- _Activity_:
Below are some entries. Repeat exactly the lines from the one with "I love the haori-style" through the one with "而在伙伴云,一旦建好关键路径", and only those.

- _Data for processing_:
● ● ●

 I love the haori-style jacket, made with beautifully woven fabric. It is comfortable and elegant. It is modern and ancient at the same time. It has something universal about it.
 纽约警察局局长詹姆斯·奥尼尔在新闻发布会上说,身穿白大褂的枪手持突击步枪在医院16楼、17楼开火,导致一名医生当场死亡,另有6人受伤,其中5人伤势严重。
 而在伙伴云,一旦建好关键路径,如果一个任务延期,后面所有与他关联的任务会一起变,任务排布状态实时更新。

● ● ●

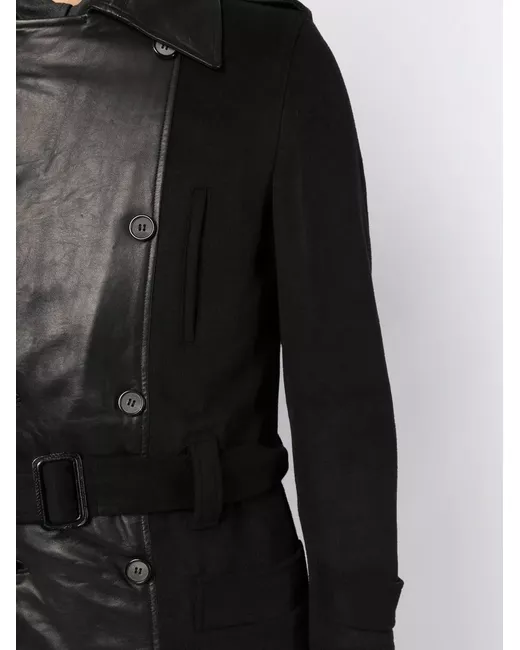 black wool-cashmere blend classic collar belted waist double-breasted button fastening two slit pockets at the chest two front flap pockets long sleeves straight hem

● ● ●

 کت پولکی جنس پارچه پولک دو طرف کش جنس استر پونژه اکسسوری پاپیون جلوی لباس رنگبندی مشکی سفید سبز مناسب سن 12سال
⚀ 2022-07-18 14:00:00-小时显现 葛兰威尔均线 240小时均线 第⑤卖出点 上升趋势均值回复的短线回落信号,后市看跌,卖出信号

● ● ●

- _Result below_:
 I love the haori-style jacket, made with beautifully woven fabric. It is comfortable and elegant. It is modern and ancient at the same time. It has something universal about it.
 纽约警察局局长詹姆斯·奥尼尔在新闻发布会上说,身穿白大褂的枪手持突击步枪在医院16楼、17楼开火,导致一名医生当场死亡,另有6人受伤,其中5人伤势严重。
 而在伙伴云,一旦建好关键路径,如果一个任务延期,后面所有与他关联的任务会一起变,任务排布状态实时更新。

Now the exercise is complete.